In which you learn how rotation can be expressed in terms of dot products.
Writing scale as a dot product probably seemed a little backward. It took a very simple multiplication and turned it into something more complex. Hopefully rotation will seem more natural. Rotating point \(\mathbf{p}\) by \(a\) radians around the z-axis produces point \(\mathbf{p'}\) with the following components:
$$ \begin{aligned} p'_x &= \cos a \times p_x - \sin a \times p_y \\ p'_y &= \sin a \times p_x + \cos a \times p_y \\ p'_z &= p_z \end{aligned} $$
Unlike scaling, the definitions of \(p'_x\) and \(p'_y\) actually look like dot products. You are multiplying and summing the components of \(\mathbf{p}\).

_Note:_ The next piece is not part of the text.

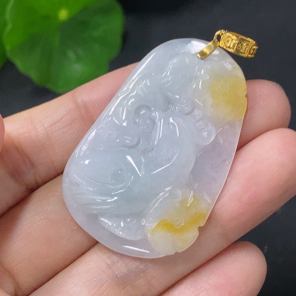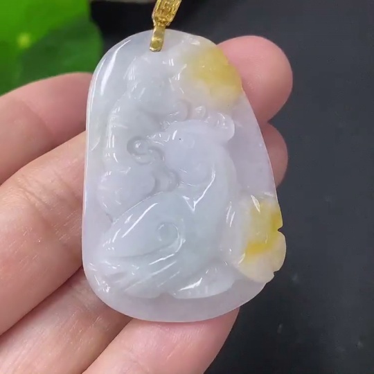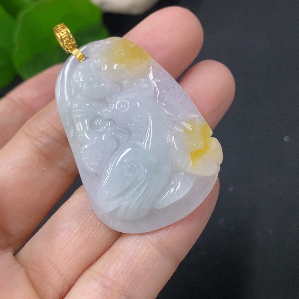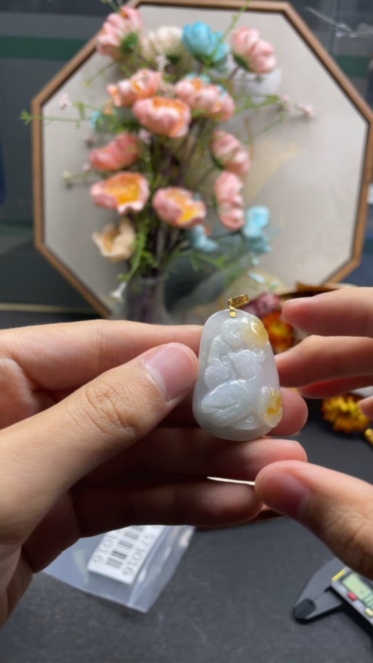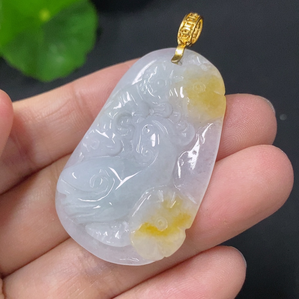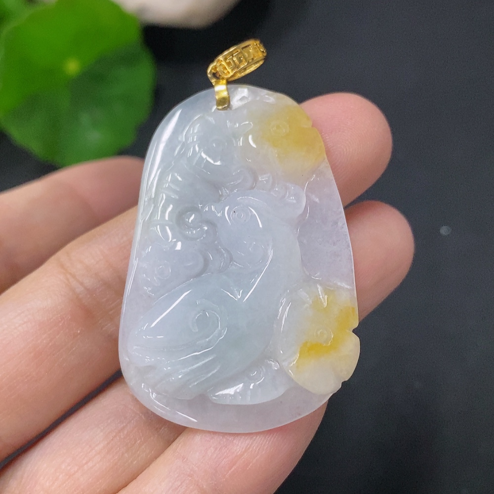 Jadeite Pendant Birds Singing and Flowers Giving Forth Fragrance Non-gold Total Weight Approx. 13.23g

As with scaling, you want to rewrite the equations above to use dot products. They will have this form:
$$ \begin{aligned} p'_x &= \mathbf{a} \cdot \mathbf{p} \\ p'_y &= \mathbf{b} \cdot \mathbf{p} \\ p'_z &= \mathbf{c} \cdot \mathbf{p} \end{aligned} $$
The first two components of \(\mathbf{a}\) are plucked right from the scalar definition of \(p'_x\). There's no mention of \(p_z\), so it must be zeroed out. Vector \(\mathbf{b}\) is derived similarly. You've got this much figured out:
$$ \begin{aligned} p'_x &= \begin{bmatrix}\cos a & -\sin a & 0\end{bmatrix} \cdot \mathbf{p} \\ p'_y &= \begin{bmatrix}\sin a & \cos a & 0\end{bmatrix} \cdot \mathbf{p} \\ \end{aligned} $$
The scalar definition of \(p'_z\) does not look like a dot product. Nonetheless, it can be written as one. The x- and y-components are zeroed out, and \(p_z\) stays the same, which means its coefficient in the dot product machinery must be 1:
$$ \begin{aligned} p'_z &= \begin{bmatrix}0 & 0 & 1\end{bmatrix} \cdot \mathbf{p} \end{aligned} $$
Altogether, a rotation around the z-axis has this dot product form:
$$ \begin{aligned} p'_x &= \begin{bmatrix}\cos a & -\sin a & 0\end{bmatrix} \cdot \mathbf{p} \\ p'_y &= \begin{bmatrix}\sin a & \cos a & 0\end{bmatrix} \cdot \mathbf{p} \\ p'_z &= \begin{bmatrix}0 & 0 & 1\end{bmatrix} \cdot \mathbf{p} \end{aligned} $$
Two transformations down, one to go. Can you make it work for translation?